The web of injustice keep growing larger. Just today, Congress is trying to sneak through an outrageous budget bill that increases the amount of money that millionaires can give to political parties by a factor of 10, and which would undo some of the Wall Street reforms meant to prevent another financial calamity like the crisis of 2008. Again, it's because the politicians know that they can't be held accountable -- because they drew up the election maps to make sure won't. And maybe the news that no one will be punished for torture made them even bolder. These things are contagious, after all.
Yet every day. more citizens are radicalized. They feel it in their souls -- that the bigger forces that killed Tamir Rice and Akai Gurley are in some way responsible for the death of Gul Rahman, an Afghani who was arrested in a case of a mistaken identity and froze to death.
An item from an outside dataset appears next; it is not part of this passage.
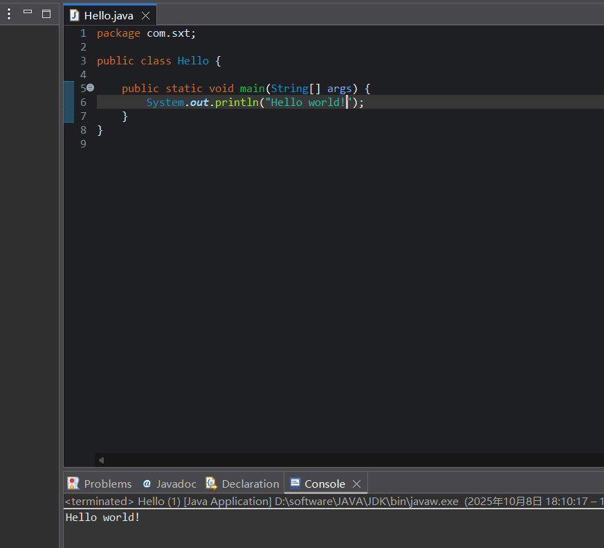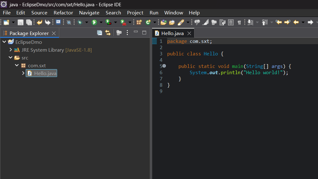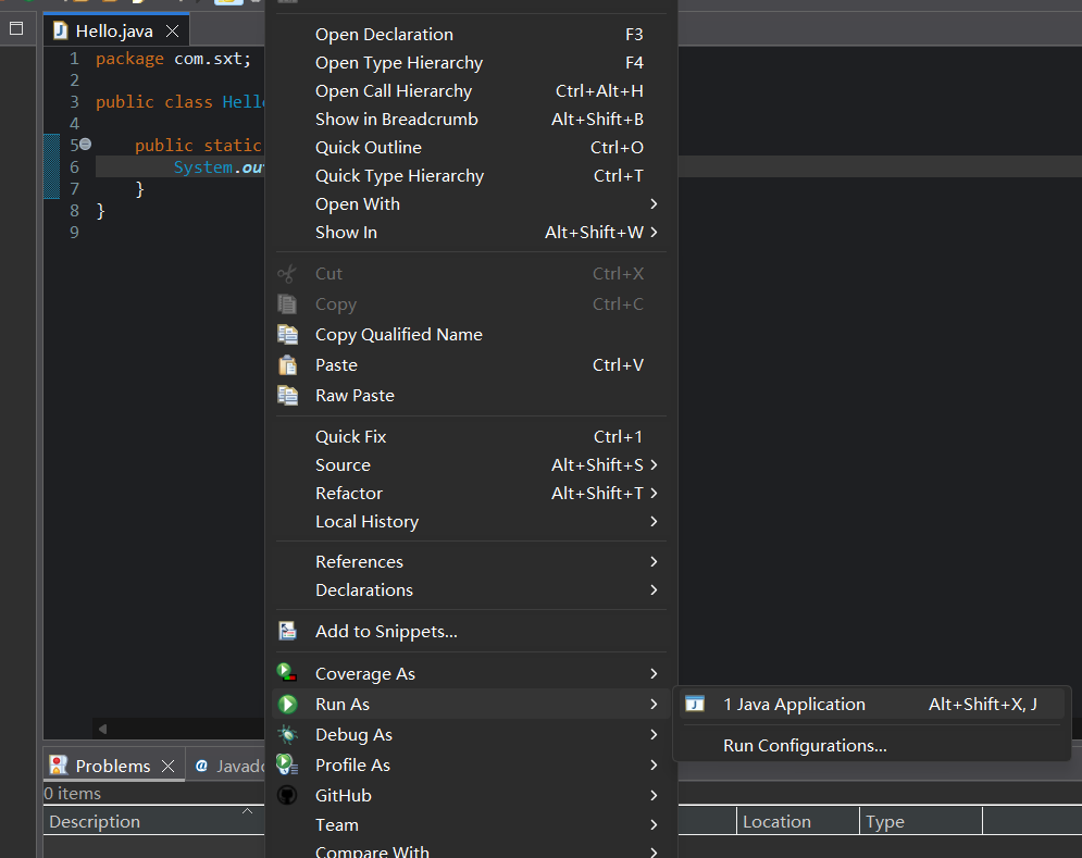 输入“Hello world”,鼠标右键代码编辑区,点击“Run As”,点击“Java Application”
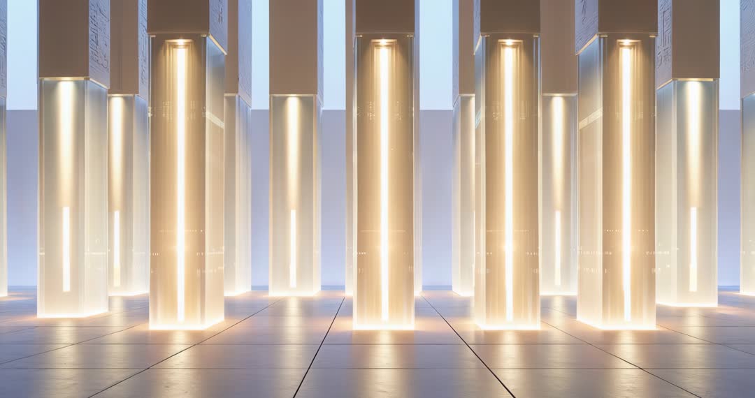AI Generated Image. This scene features a group of pulsating light columns in a sleek, futuristic hall, showcasing advanced technology and architectural brilliance. Ideal for themes related to future tech, modern design, and sci-fi concepts, this videory captures a unique minimalistic environment suited for use in technology advertising, architectural showcases, or visionary storytelling in multimedia projects.

They wonder why Daniel Pantaleo, who placed the chokehold on Eric Garner, still has his job, but then they wonder the same thing about the Goldman Sachs traders who peddled toxic loans. They ask why Darren Wilson wasn't charged with a crime for shooting Michael Brown, and then they ask why Dick Cheney wasn't indicted, either.
After the torture report, President Obama told an interview that "that's not who we are." But that's not helpful. It's better to acknowledge that torture, and reckless police misconduct, and fraud and corruption, increasingly is who are are -- some of us, anyway -- and that it's going to get worse without justice, without holding some folks accountable.